MAZZY: Is Grammy your mommy?

ME: Yes!

MAZZY: Is Sammy your daddy?

ME: Ummm… no.

MAZZY: Who's your daddy?

ME: Poppy.

MAZZY: Then who is Sammy?

ME: Well, my mom and dad got a trial separation when I was ten which was a totally devatasting event. Then they got back together briefly for a summer while I was away at camp but then ultimately decided to call it quits. They got officially divorced about two years later once they finally settled on divorce terms. You know child support and alimony and what not. I believe they even had a clause in there that Poppy was not allowed to take me skydiving or bungee jumping. Oh, and Grammy got holidays, which is why we celebrate all those made-up holidays with Poppy. Poppy got to see me and your Aunt Yaya every Wednesday for dinner and every other weekend we would spend at his apartment in the city. Then when I was about thirteen Poppy met Nonna which was tough because I had to invite her to my Bat Mitzvah and my parents sat at different tables. And then two years later Grammy met Sammy on Fire Island and introduced us to your uncles Eric and David who are really Sammy's kids from his first marriage. Poppy and Nonna got married my senior year of high school and Grammy and Sammy got married my sophomore year of college. Sammy proposed to Grammy on a family ski vacation in front of all of us because he wanted it to be the blending of two families. Isn't that nice?

MAZZY: Whaaaa?????? 

ME: Yeah, sorry to be the bearer of bad news sweetie but not all marriages work out. Fun lesson for the day, huh?

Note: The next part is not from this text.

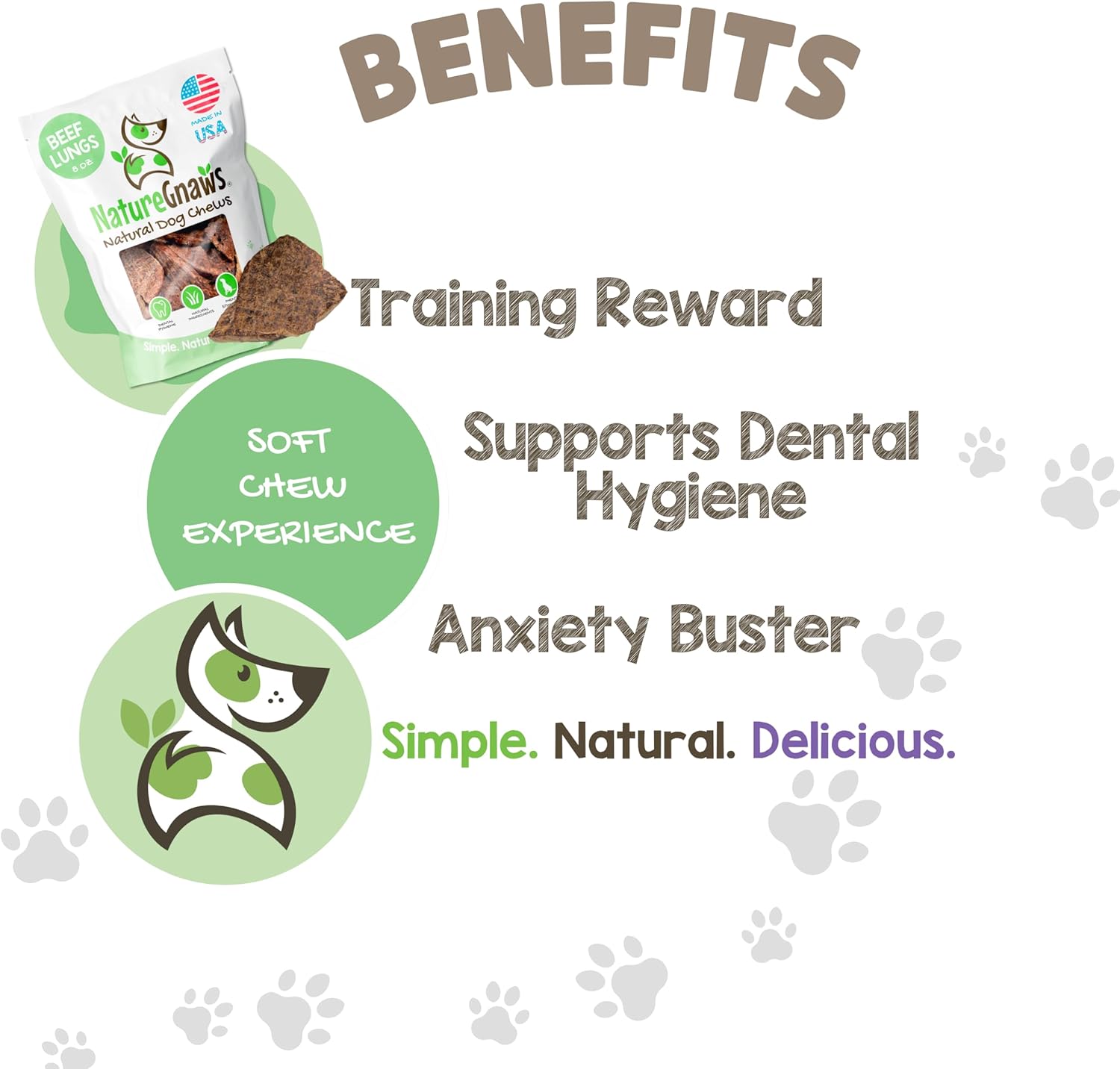 NATURAL DENTAL CHEWS – Soft and savory, the natural act of chewing our Beef Lung Chews helps reduce plaque and tartar for cleaner teeth and fresher breath. Promoting overall good dental hygiene, these natural chews for dogs will keep your pet busy and satisfied.

Ok, maybe I didn't give her the whole explanation. It went more like…

MAZZY: Is Sammy your daddy?

ME: Ummm… no.

MAZZY: Who's your daddy?

ME: Poppy.

MAZZY: Then who is Sammy?

ME: My stepdaddy.

MAZZY: Oh.

ME: And Nonna is my stepmommy. Aren't you lucky you have so many grandparents?

MAZZY: Yeah!

Dr. B always says to answer "adult" questions directly and without giving unecessary information. She says, you'll be surprised how satisfied kids are with the simplest explanations.

Which is exactly what happened. 

But it did make me think that one day soon I might be required to go into more depth. Having to explain Sammy and Nonna might be the thing that tells Mazzy the world isn't perfect and that people (even her beloved grandparents) make mistakes.

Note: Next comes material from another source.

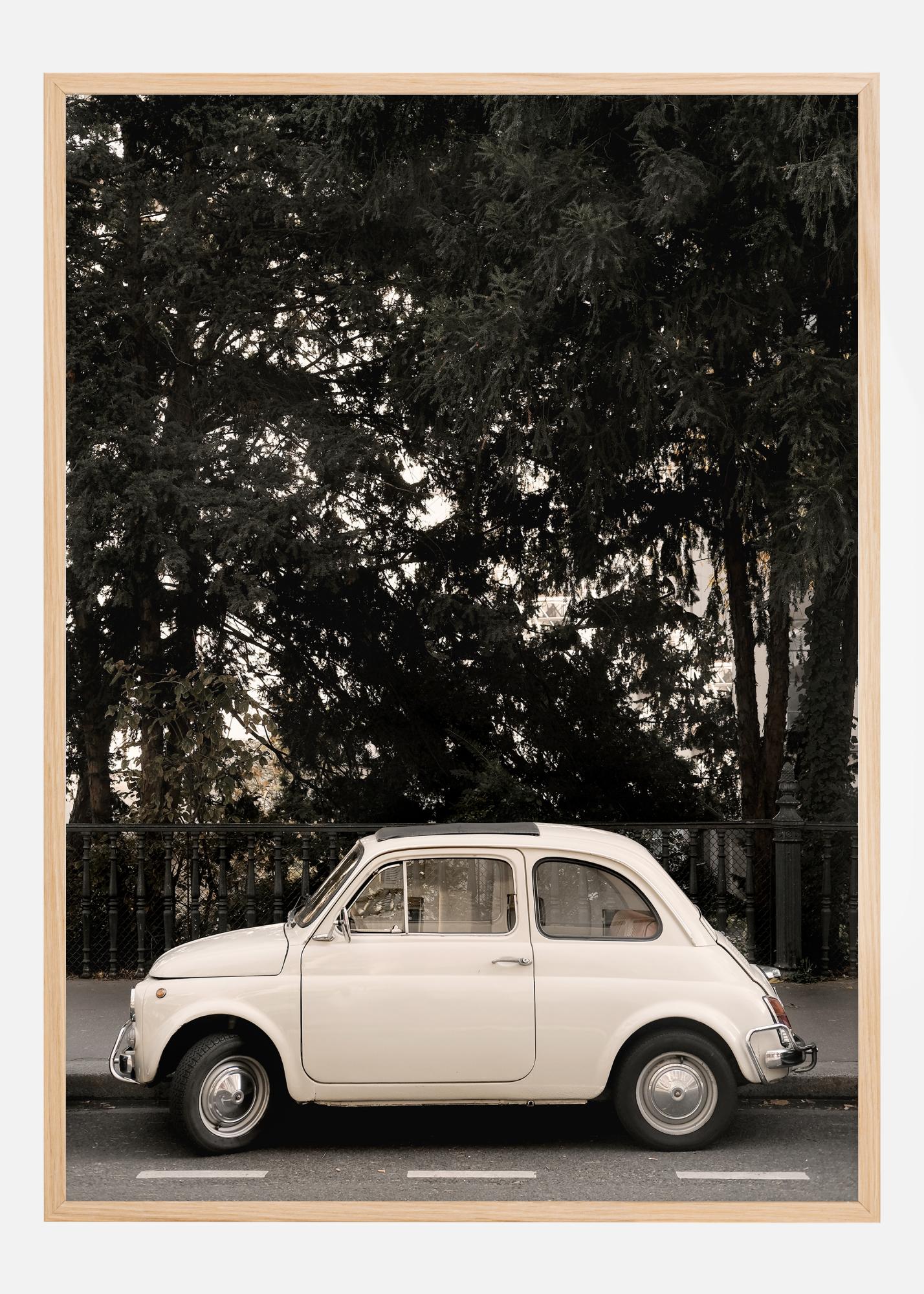I denne posteren gjenspeiles en perfekt balanse mellom bilens rene hvite overflate og de mørkere grønne tonene fra trærne i bakgrunnen, som sammen skaper et rolig og harmonisk bilde. Den sepiafargede himmelen og det subtile bygatermiljøet tilfører en ekstra dimensjon av varme og dybde. Denne plakaten vil tilføre en touch av sofistikasjon til ethvert rom, og er en ideell gave for bilentusiaster eller for de som verdsetter den klassiske estetikken i sin innredning.

Or maybe it will tell her that people getting married and then calling it quits is not a mistake– just two people making a joint decision to change the course of their lives for the better. And that's okay. After all, those two (obviously incompatible!) people being married for thirteen years is the reason I am sitting here today. And the reason Mazzy and Harlow are in this world, too.

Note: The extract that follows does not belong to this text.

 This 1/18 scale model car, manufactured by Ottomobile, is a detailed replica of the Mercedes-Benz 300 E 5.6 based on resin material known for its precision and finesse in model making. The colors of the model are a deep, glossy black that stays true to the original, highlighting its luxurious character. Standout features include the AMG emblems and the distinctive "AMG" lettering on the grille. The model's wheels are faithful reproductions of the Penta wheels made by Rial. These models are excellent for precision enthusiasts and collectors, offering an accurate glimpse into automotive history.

Besides the confusion and potential for tough questions, having step-grandparents has tons of advantages. It means my girls will be exposed to Sammy's kindness, his collections (baseball cards, stamps, and coins), his penchant for telling corny jokes and his love for old school candy. It also means Mazzy will have access to Sammy's season tickets to the Yankees, allowing her to go to her first baseball game, as she did last week.

It means my girls will be exposed to Nonna's strength, her sophistication, her ability to whip up a quick Italian feast, and her decision not to have children of her own (an option I think is valuable for my girls to see). Nonna also loves gardening and over July 4th weekend while at their summer house, Nonna took Mazzy on a little field trip around the yard, teaching her about different plants and flowers. Mazzy came back with a bouquet of hydrangeas picked just for me.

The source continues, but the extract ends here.